Stored data:

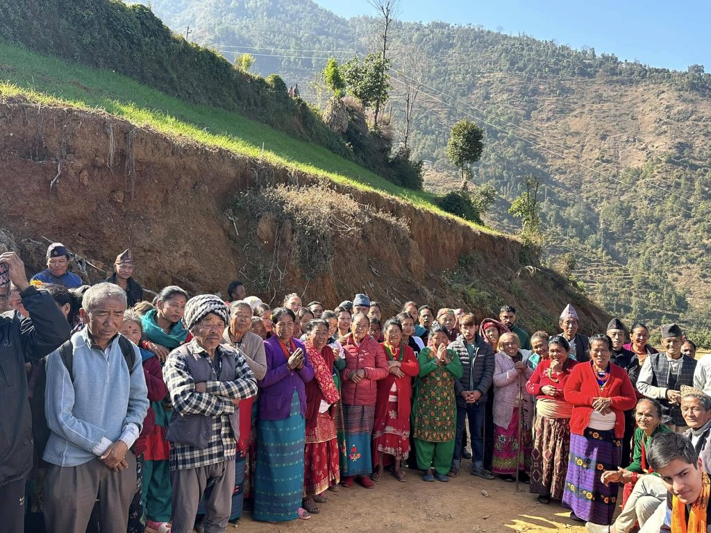 La distribution de couettes, le 30 décembre 2023, nous étions à Sunkhosi, GAUNPALIKA WARD 3, aux lieux dits Pouranakot et Pariya Muna (distribution en deux temps et deux lieux pour éviter aux personnes âgées d’avoir à marcher), Sindupalchok district, pour distribuer 340 couettes aux populations locales…
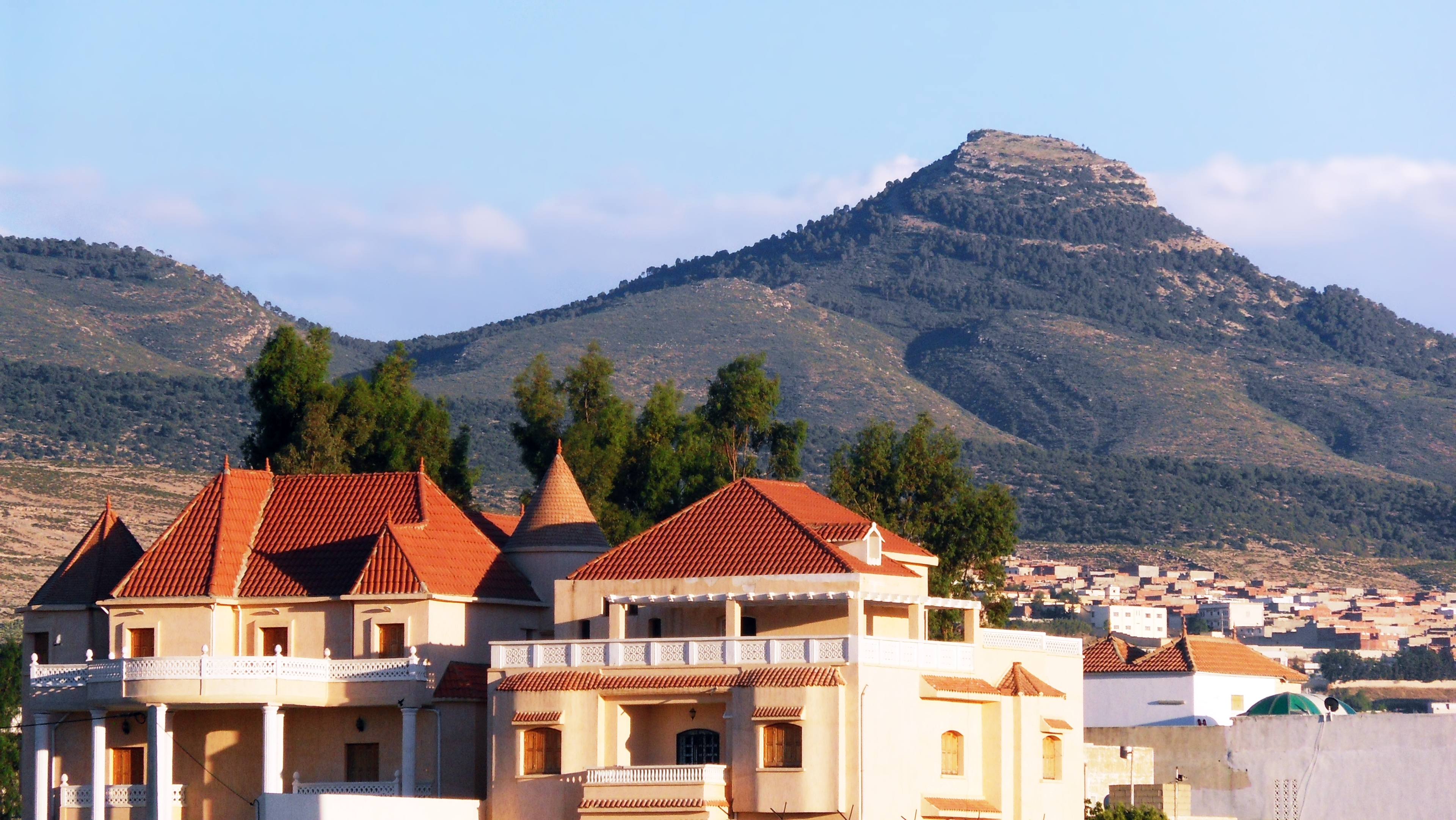 Description: A large building with a mountain in the background and a sky background with clouds in the sky and a few trees in the foreground.
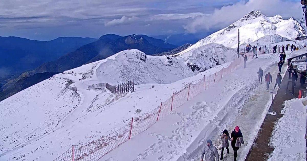 По информации курорта «Роза Хутор», на вершине Роза Пик (2320 метров) зафиксирована высота снежного покрова в 56 сантиметров. Там же наблюдается температура воздуха +2 градуса и ветер со скоростью 10 м/с.
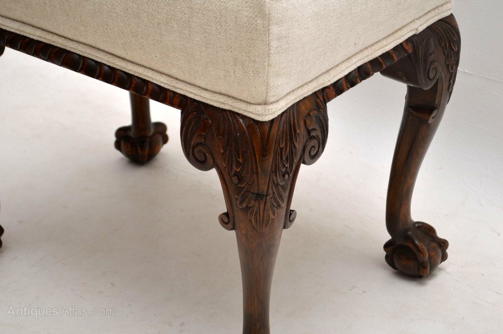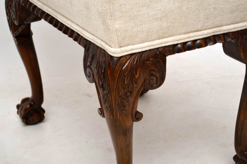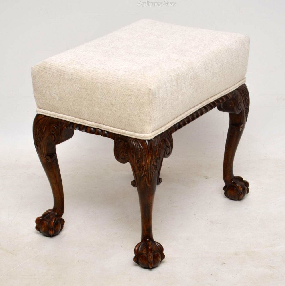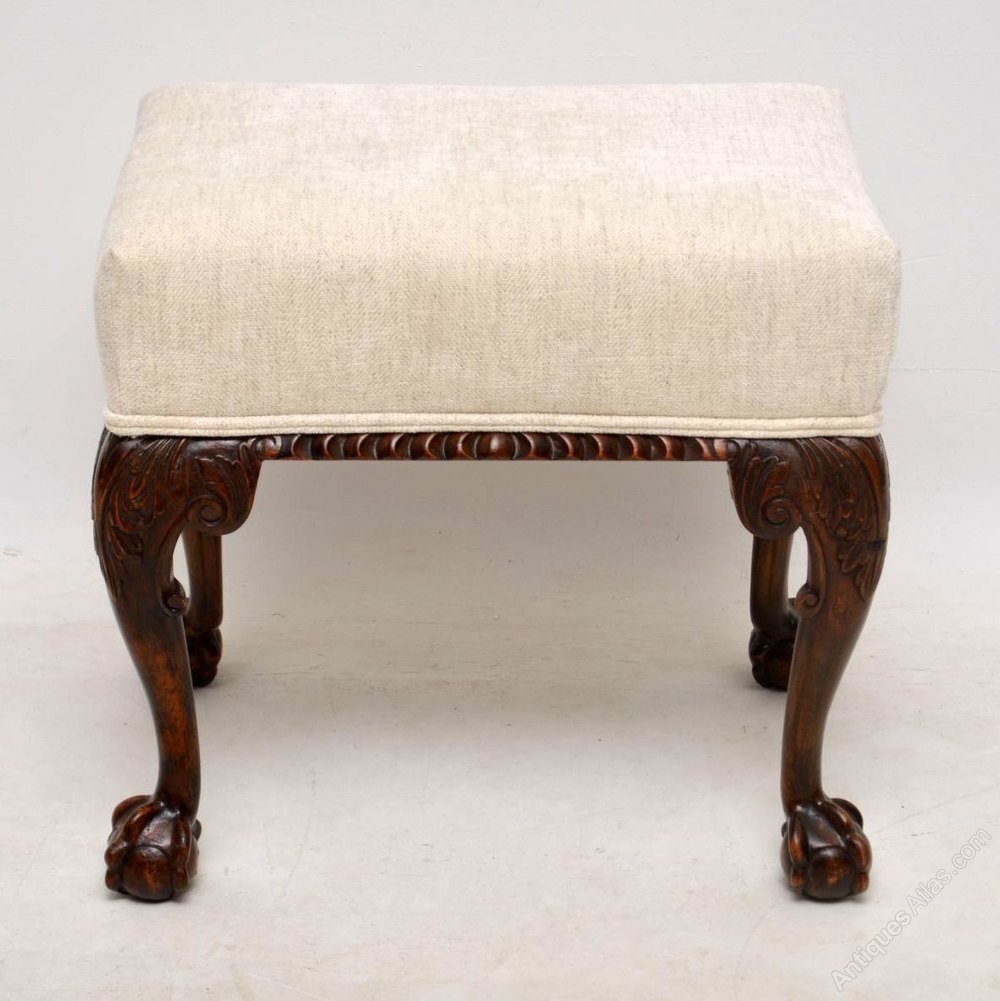 This antique mahogany upholstered stool dates from around the 1890’s period & is designed very much in Chippendale manner. It’s beautifully carved around the seat & on the legs which have claw & ball feet. This stool is in very good condition & has a nice naturally aged look on the wood. We have just had it re-upholstered in a grayish cream fabric.
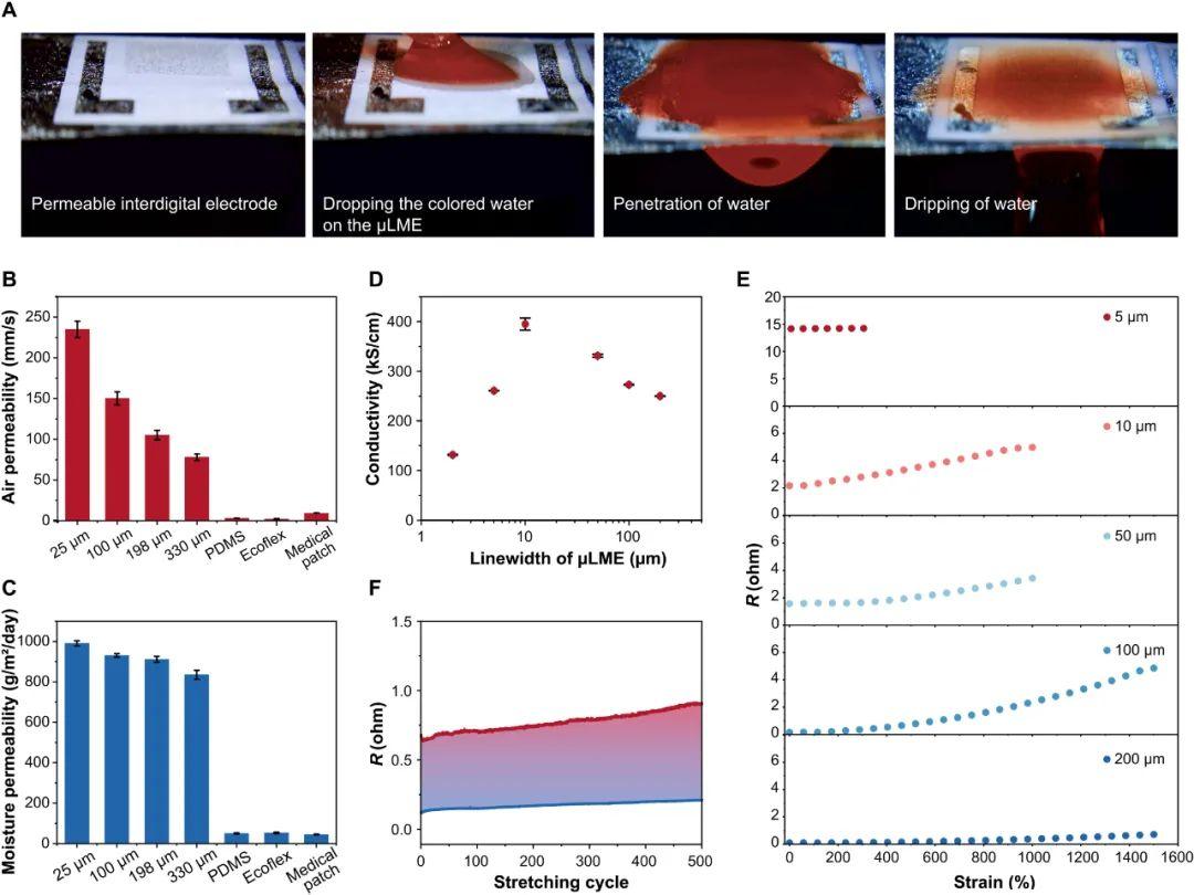 在大尺寸、可滲透和可拉伸的纖維氈上成功制備μLMEs,為高密度、集成、可植入和長期生物相容的LM電子器件鋪平了道路。目前,μLMEs通過配備實驗室的光刻技術顯示出2μm的典型圖案化分辨率,透濕率為990 g/m2每天,設備密度超過75,000個電極/厘米2,電導率約為105S/cm,拉伸性高達1500%的應變。原則上,μLME的圖案化分辨率可以進一步提高到亞微米(0.25至1μm)區域,例如,通過使用高分辨率光刻工具和較小纖維直徑的纖維氈。
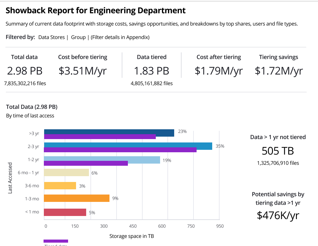 The Showback Report displays the current data footprint for a department along with breakdown by top file types, shares and users. It shows storage costs, savings from ongoing data tiering to lower-cost storage and further savings opportunities.
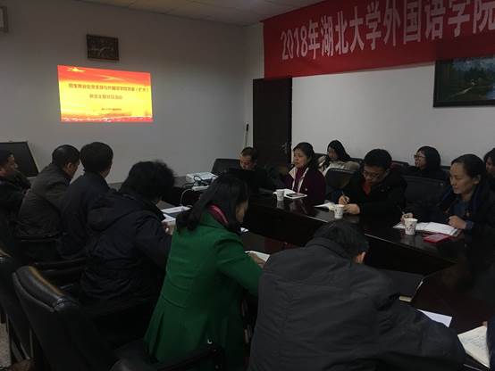 根據(jù)中央、省委關(guān)于在廣大知識(shí)分子中深入開展“弘揚(yáng)愛國(guó)奮斗精神、建功立業(yè)新時(shí)代”活動(dòng)部署和學(xué)校黨委有關(guān)要求,外國(guó)語(yǔ)學(xué)院黨委定于12月份開展“弘揚(yáng)愛國(guó)奮斗精神、建功立業(yè)新時(shí)代”支部主題黨日活動(dòng)。12月24日,學(xué)校招生就業(yè)處黨支部和外國(guó)語(yǔ)學(xué)院黨委(擴(kuò)大)聯(lián)合開展了特殊黨日活動(dòng),招生就業(yè)處全體黨員、學(xué)院黨委委員、系部主任、院辦主任、畢業(yè)班班主任參加。活動(dòng)由學(xué)院黨委書記林二友主持。
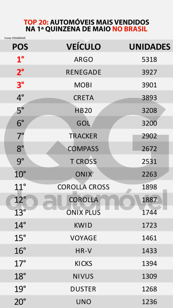 O Fiat Argo assumiu a liderança entre os carros mais vendidos, com 5.318 unidades comercializadas, seguido pelo Jeep Renegade, com 3.927 unidades emplacadas, fechando o pódio vem o Fiat Mobi com 3.901 unidades vendidas.
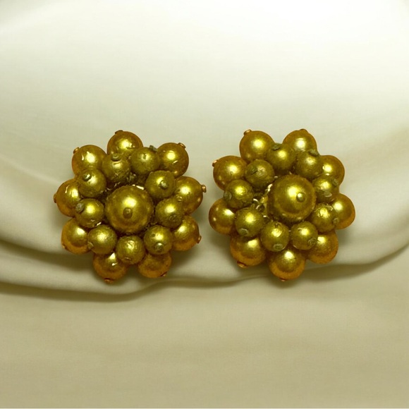 Rare Vintage Signed Kenneth Jay Lane Matte Gold Cluster Clip On Earrings

## EXERCISE DESCRIPTION
Write out the data above precisely. Pictures stay out.

## RESPONSE
 La distribution de couettes, le 30 décembre 2023, nous étions à Sunkhosi, GAUNPALIKA WARD 3, aux lieux dits Pouranakot et Pariya Muna (distribution en deux temps et deux lieux pour éviter aux personnes âgées d’avoir à marcher), Sindupalchok district, pour distribuer 340 couettes aux populations locales…
 Description: A large building with a mountain in the background and a sky background with clouds in the sky and a few trees in the foreground.
 По информации курорта «Роза Хутор», на вершине Роза Пик (2320 метров) зафиксирована высота снежного покрова в 56 сантиметров. Там же наблюдается температура воздуха +2 градуса и ветер со скоростью 10 м/с.
 This antique mahogany upholstered stool dates from around the 1890’s period & is designed very much in Chippendale manner. It’s beautifully carved around the seat & on the legs which have claw & ball feet. This stool is in very good condition & has a nice naturally aged look on the wood. We have just had it re-upholstered in a grayish cream fabric.
 在大尺寸、可滲透和可拉伸的纖維氈上成功制備μLMEs,為高密度、集成、可植入和長期生物相容的LM電子器件鋪平了道路。目前,μLMEs通過配備實驗室的光刻技術顯示出2μm的典型圖案化分辨率,透濕率為990 g/m2每天,設備密度超過75,000個電極/厘米2,電導率約為105S/cm,拉伸性高達1500%的應變。原則上,μLME的圖案化分辨率可以進一步提高到亞微米(0.25至1μm)區域,例如,通過使用高分辨率光刻工具和較小纖維直徑的纖維氈。
 The Showback Report displays the current data footprint for a department along with breakdown by top file types, shares and users. It shows storage costs, savings from ongoing data tiering to lower-cost storage and further savings opportunities.
 根據(jù)中央、省委關(guān)于在廣大知識(shí)分子中深入開展“弘揚(yáng)愛國(guó)奮斗精神、建功立業(yè)新時(shí)代”活動(dòng)部署和學(xué)校黨委有關(guān)要求,外國(guó)語(yǔ)學(xué)院黨委定于12月份開展“弘揚(yáng)愛國(guó)奮斗精神、建功立業(yè)新時(shí)代”支部主題黨日活動(dòng)。12月24日,學(xué)校招生就業(yè)處黨支部和外國(guó)語(yǔ)學(xué)院黨委(擴(kuò)大)聯(lián)合開展了特殊黨日活動(dòng),招生就業(yè)處全體黨員、學(xué)院黨委委員、系部主任、院辦主任、畢業(yè)班班主任參加。活動(dòng)由學(xué)院黨委書記林二友主持。
 O Fiat Argo assumiu a liderança entre os carros mais vendidos, com 5.318 unidades comercializadas, seguido pelo Jeep Renegade, com 3.927 unidades emplacadas, fechando o pódio vem o Fiat Mobi com 3.901 unidades vendidas.
 Rare Vintage Signed Kenneth Jay Lane Matte Gold Cluster Clip On Earrings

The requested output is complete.